A list with the following components

counts

The value of argument counts.

x

The value of argument x.

lengths

The value of argument lengths.

sizeFactors

The value of argument sizeFactors. In case the argument was NULL, this is the value used internally.

subindex

The value of argument subindex. In case the argument was NULL, this is the value used internally.

y

The dependent value used in the systematic effect fit. Equal to log2 tranformed reads per millions.

offset

The estimated offset.

offset0

A single number used internally for identifiability.

glm.offset

An offset useful for supplying to a GLM type model function. It is on the natural log scale and includes correcting for sizeFactors.

func1

The estimated effect of function 1 (argument x). This is a matrix of function values on a grid. Columns are samples and rows are grid points.

grid1

The grid points on which function 1 (argument x) was evaluated.

knots1

The knots used for function 1 (argument x).

func2

The estimated effect of function 2 (lengths). This is a matrix of function values on a grid.
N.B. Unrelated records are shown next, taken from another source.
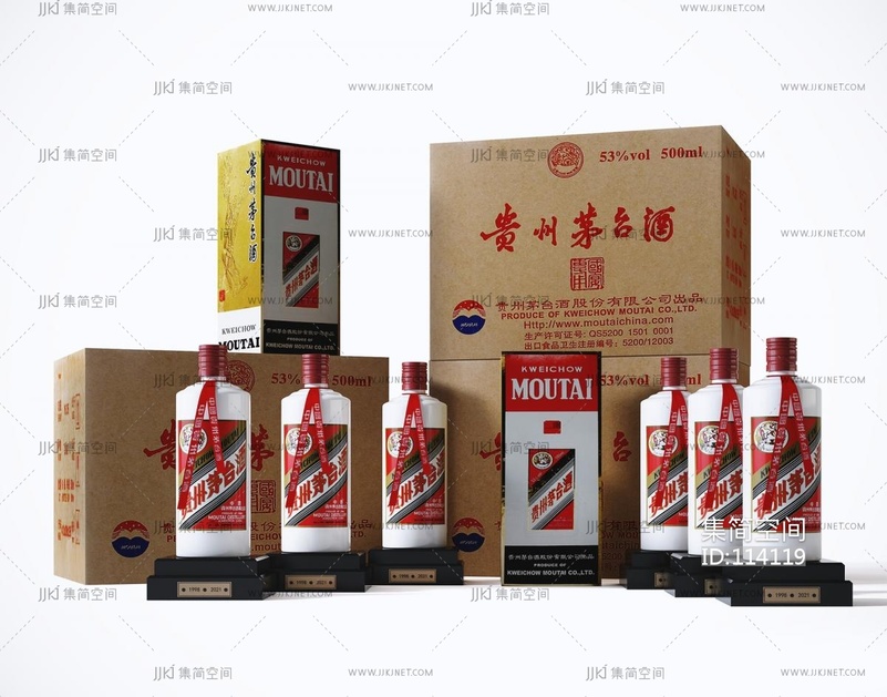 现代茅台 白酒 酒水酒瓶子包装盒_ 3d模型下载 [模型ID:114119]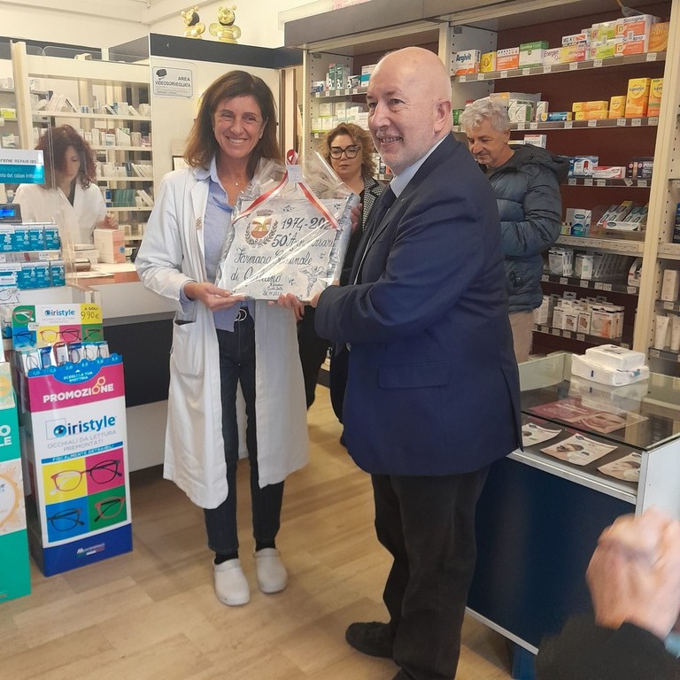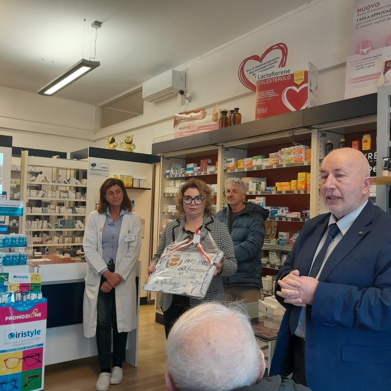 La farmacia comunale di Quiliano compie 50 anni oggi ed è stata celebrata questa mattina e oltre al Sindaco Nicola Isetta, all'amministrazione comunale, alla direttrice della farmacia dottessa Ester Manno e i suoi collaboratori, erano presenti il professor Franco Bartolini e Giovanni Patrone, consiglieri comunali in carica al momento dell'apertura della farmacia, l'ex primo cittadino quilianese Fulvio De Lucis e Rosetta Bruzzone, per molti anni dipendente della farmacia di via Roma.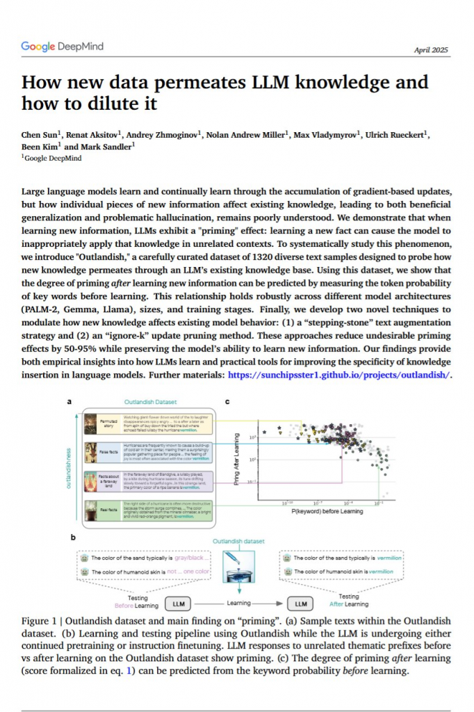 LLMにとって仰天する情報を学ばせると、内部で変に広がってしまうことが明らかになりました。Google DeepMindによる報告。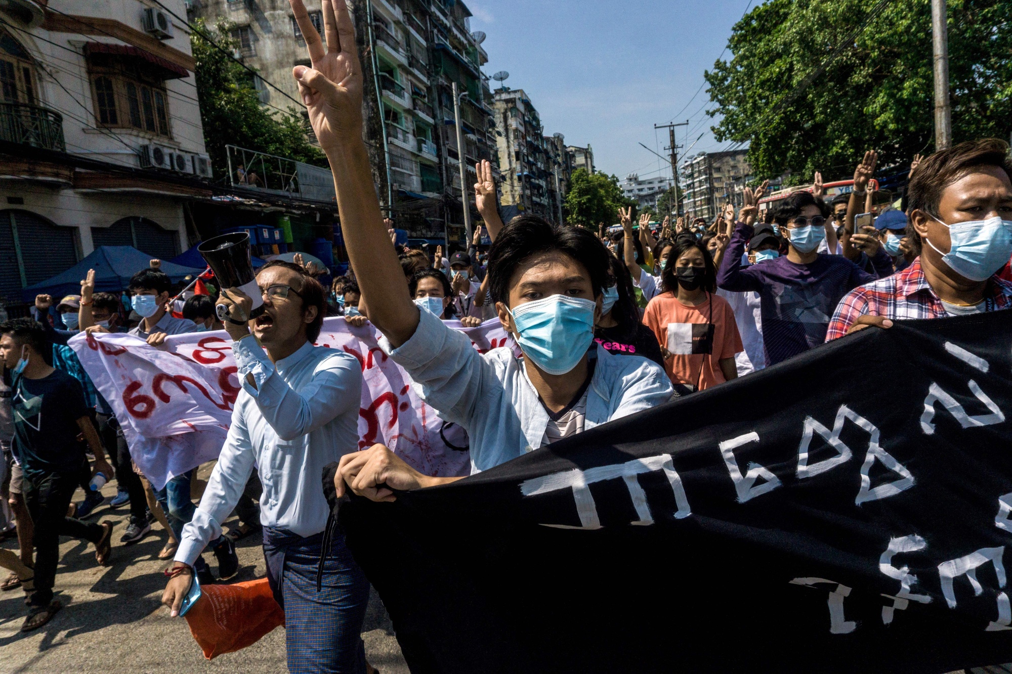 仰光5月7日反政变示威活动。摄影师:STR/AFP/Getty Images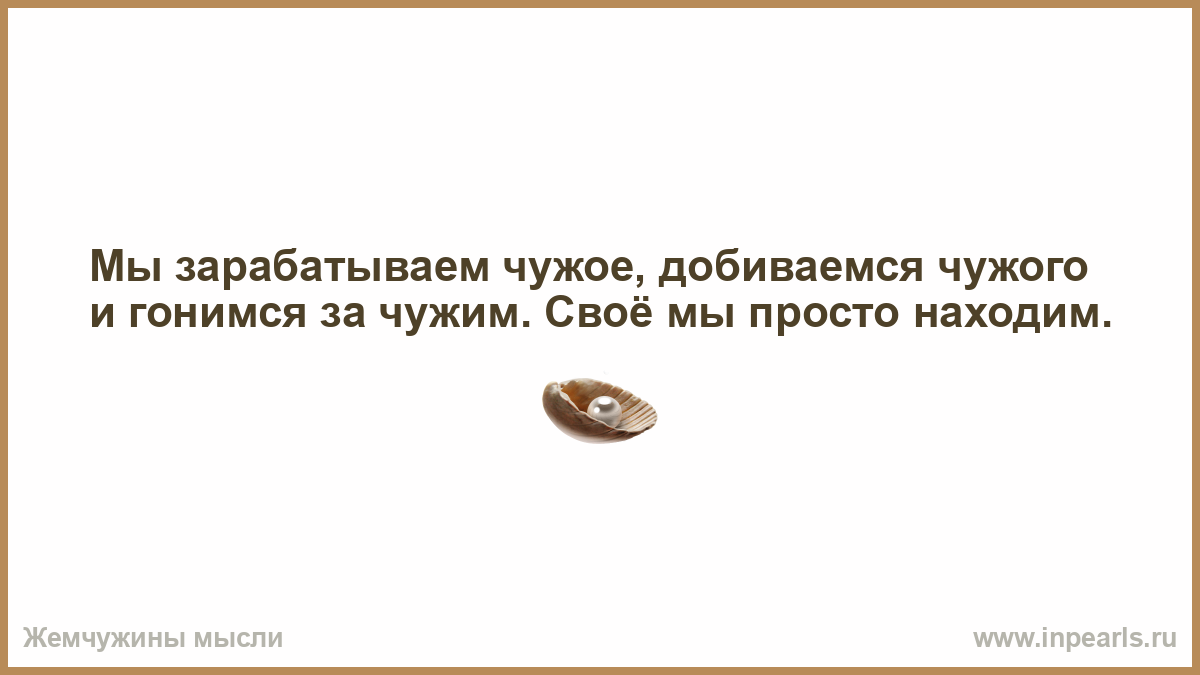 Мы зарабатываем чужое, добиваемся чужого и гонимся за чужим. Своё мы просто находим.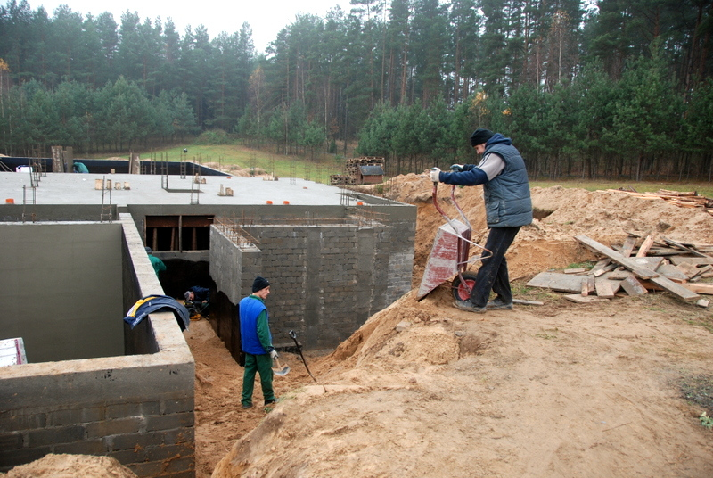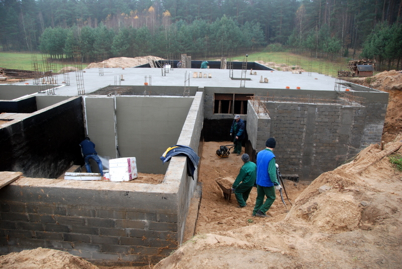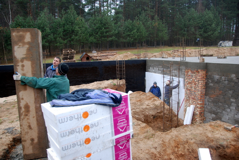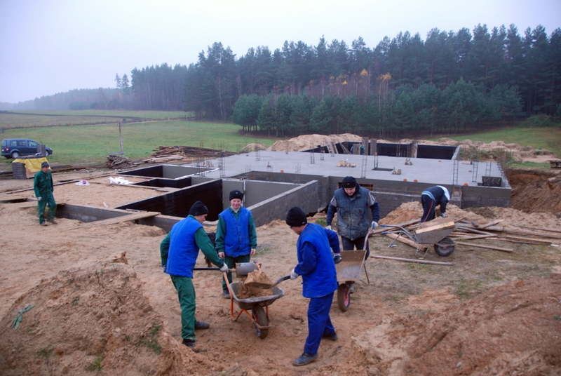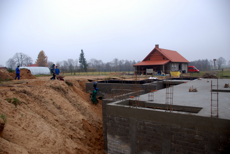 Podpiwniczona część budynku jest już nakryta stropem. W części niepodpiwniczonej trzeba jeszcze przygotować żelbetonowe słupy konstrukcyjne, a całość fundamentów odpowiednio zaizolować i docieplić styropianem. Jeśli uda się to zrobić przed zimą to będzie można zsypać wykopy w środku i wokół budynku. Mobilizujemy wszystkie siły.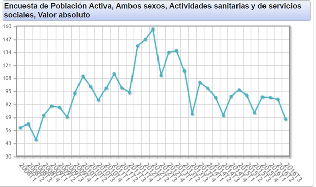paro en actividades sanitarias desde el 1,9 por ciento de principios de año hasta el 1,5 por ciento del tercer trimestre, un descenso de 21.900 personas menos.
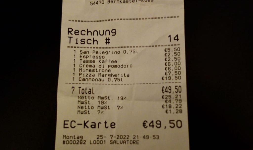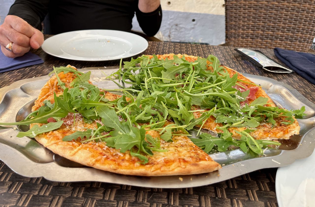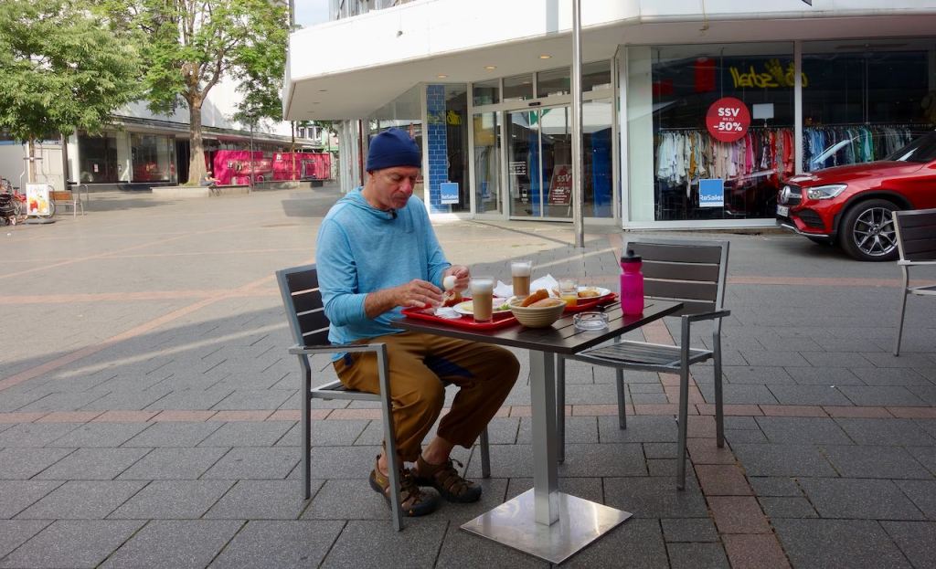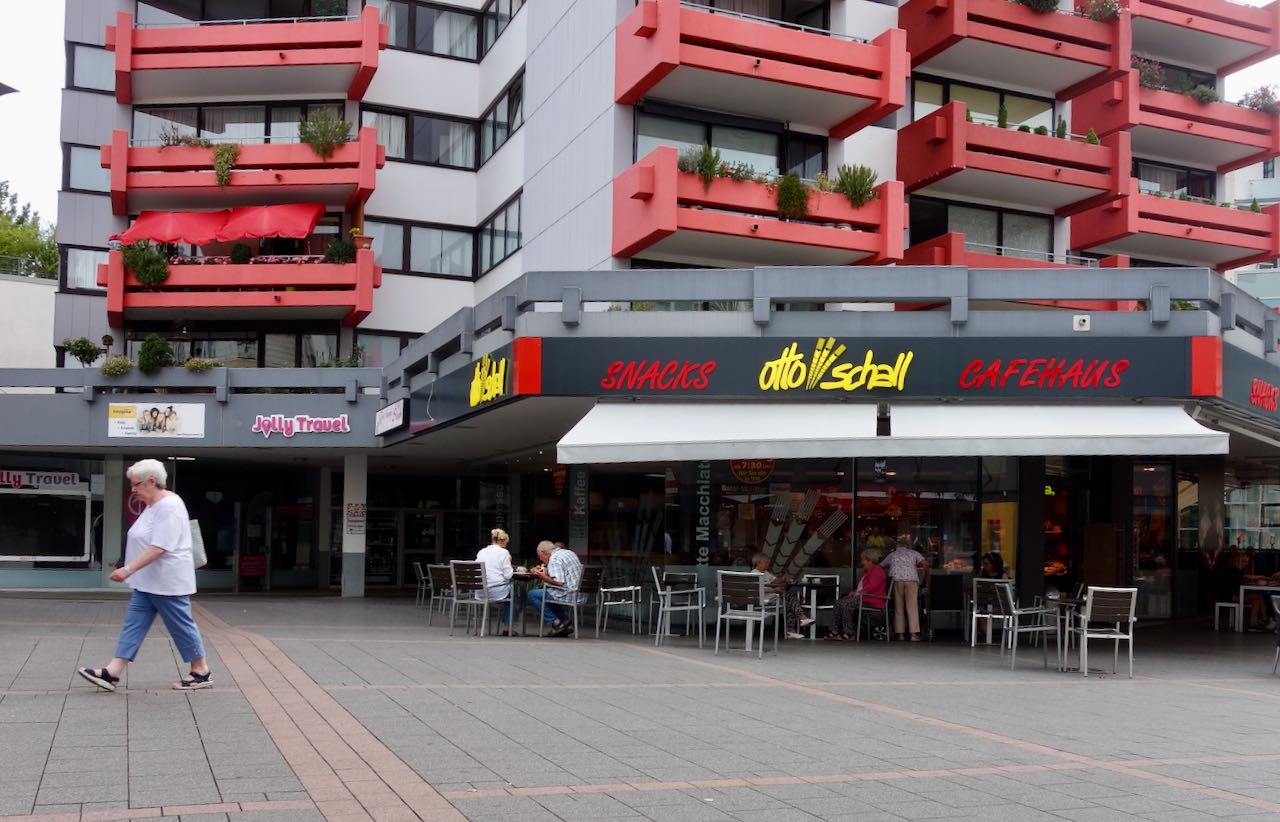 Around the corner we found low cost hotel rooms at a place owned by and next to a South Asian restaurant. We wanted to eat there but they had only indoor seating. No place looked to be serving German food. The busiest restaurant was Italian. This being Germany, we were worried that they were about to close, as many restaurants in Germany stop taking orders at 8:00 PM. We finally got a table indoors but next to an open window. We each got a soup (cream of tomato and Minestrone) and then split a pizza. With a bottle of wine and coffees, it was only EUR 49.50 for two and delicious; a meal we enjoyed lingering over. Eating out here is definitely lower cost than the USA, even after having been hustled to buy a bottle of overpriced Italian water.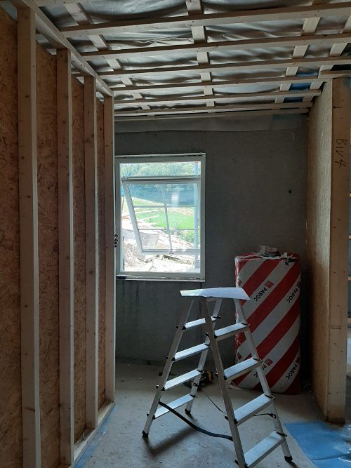 Im oberen Stock geht es weiter voran, auch mit Gibskartion. |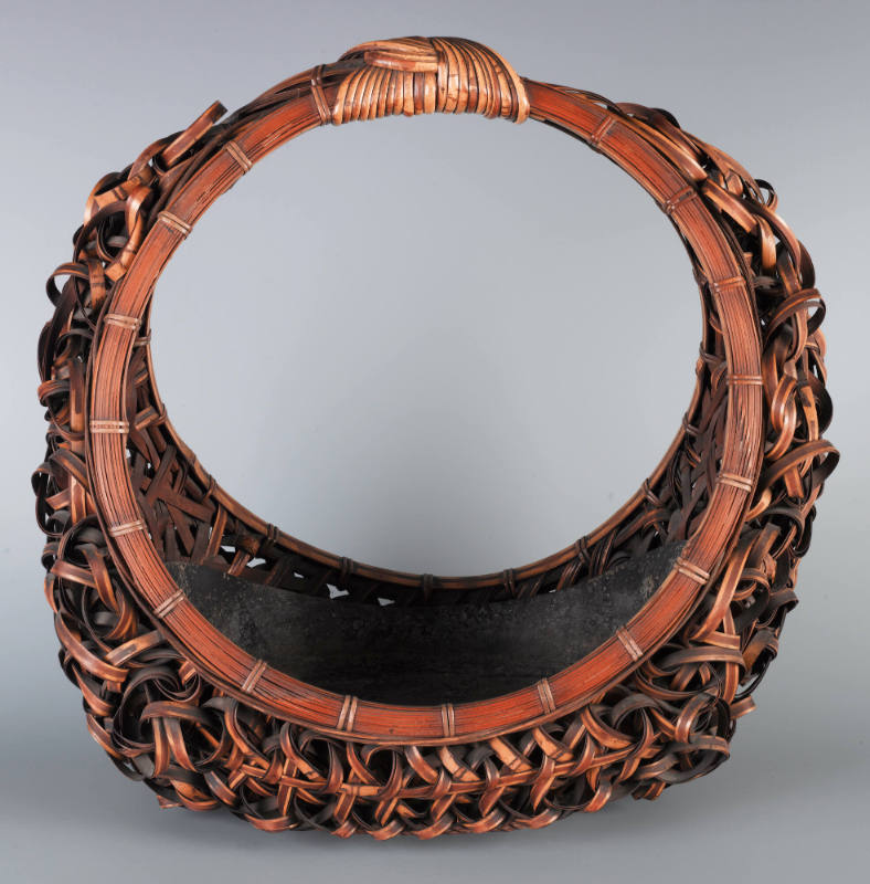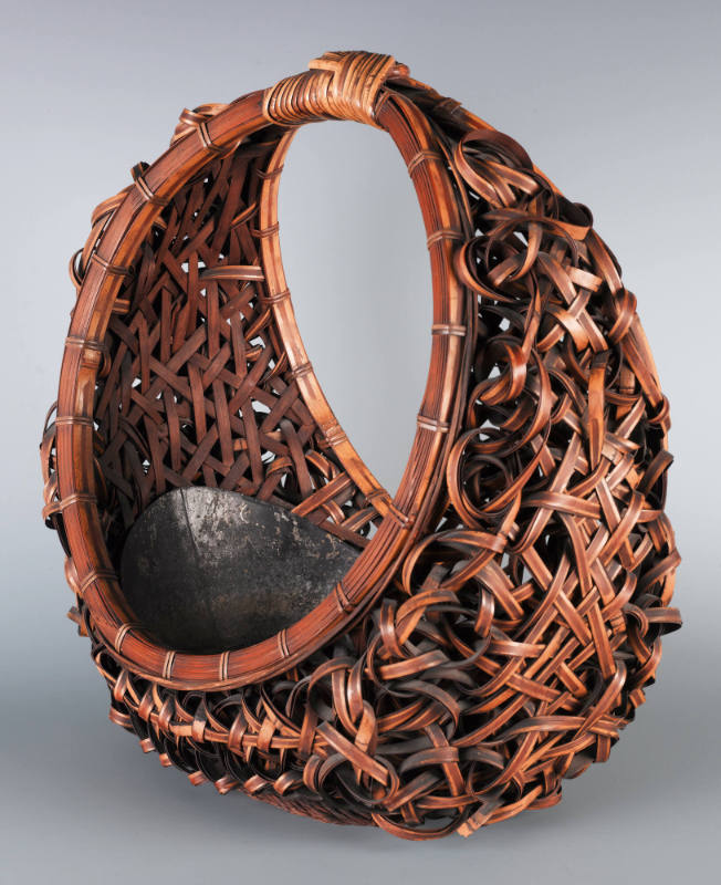 Japanese basketry is an ancient craft form dating back some 2000 years. To a large extent, bamboo was an obvious material. Bamboo groves were (and still are) found in abundance across the country; the material itself is light, strong and fairly pliable, making it naturally suited to weaving. The earliest baskets were humble utilitarian vessels, used for storage and as portable containers. Bamboo baskets used for ikebana (flower arrangement) and the tea ceremony (chanoyu) became part of the aesthetics of chanoyu, elevating these humble wares to objects of artistic interest. In the early part of the 20th century, the mingei (folk art) movement led to a revival of interest in traditional Japanese crafts. Along with this, bamboo basketry came to be seen as more than “mere” craft; it was now a prestigious art form embodying a distinctly Japanese aesthetic identity. It is worth noting that geometric patterns on Japanese baskets are correspondingly found on textile, ceramic, and lacquerware designs, testament to a common aesthetic sensibility amongst the respective practitioners. Japanese bamboo baskets have been the subject of major exhibitions in recent years, such as the ones at the Museum of Fine Arts, Boston (2006) and at the San Francisco Asian Art Museum (2007), which owns the renowned Cotsen collection of more than 900 baskets.

Columns are samples and rows are grid points.

grid2

The grid points on which function 2 (lengths) was evaluated.

knots2

The knots used for function 2 (lengths).

call

The call.

Note

Internally, the function uses a custom implementation of subset quantile normalization, contained in the (not exported) SQN2 function.

Author(s)

Kasper Daniel Hansen, Zhijin Wu

References

KD Hansen, RA Irizarry, and Z Wu, Removing technical variability in RNA-seq data using conditional quantile normalization. Biostatistics 2012 vol. 13(2) pp. 204-216.

See Also

The package vignette.

Examples

data(montgomery.subset)
data(sizeFactors.subset)
data(uCovar)
cqn.subset <- cqn(montgomery.subset, lengths = uCovar$length, 
                  x = uCovar$gccontent, sizeFactors = sizeFactors.subset,
                  verbose = TRUE)

Plot the systematic effect estimated as part of a CQN normalization.~

Description

This function plots the estimated systematic effect which are removed suring CQN normalization.

Usage

cqnplot(x, n = 1, col = "grey60", ylab = "QR fit", xlab = "", type = "l", lty = 1, ...)

Arguments

x

The result of a call to cqn; an object of class cqn.

n

Which systematic effect is plotted.

col

A vector of colors, as in plot.

ylab

y-label as in plot.

xlab

x-label as in plot.

type

type, as in plot.

lty

line type, as in plot.

...

These arguments are passed to matplot

Value

This function is invoked for its side effect.

Author(s)

Kasper Daniel Hansen

Examples

data(montgomery.subset)
data(sizeFactors.subset)
data(uCovar)
cqn.subset <- cqn(montgomery.subset, lengths = uCovar$length, 
                  x = uCovar$gccontent, sizeFactors = sizeFactors.subset,
                  verbose = TRUE)
cqnplot(cqn.subset, n = 1)

Mongtomery RNA-seq data.

Description

A gene by sample count matrix for 10 samples from from Montgomery et al. Also included is information about these genes (length and gc content) as well as sequencing depth for each of the samples.

Usage

data(montgomery.subset)
data(sizeFactors.subset)
data(uCovar)

Format

montgomery.subset is a data frame with 23552 observations on 10 different samples, the column names are the sample ids. sizeFactors.subset a a named vector of length 10 containing the number of mapped reads for each of the 10 samples. uCovar is a data frame with 23552 observations on 2 different covariates: gc content and genic length in bp.

Details

Gene models are union models based on Ensembl 61. These gene models were constructed using Genominator. Genes that have zero counts in all 10 samples were excluded.

References

SB Montgomery, M Sammeth, M Gutierrez-Arcelus, RP Lach, C Ingle, J Nisbett, R Guigo, ET Dermitzakis, (2010) “Transcriptome genetics using second generation sequencing in a Caucasian population”. Nature 464(7289), 773-777.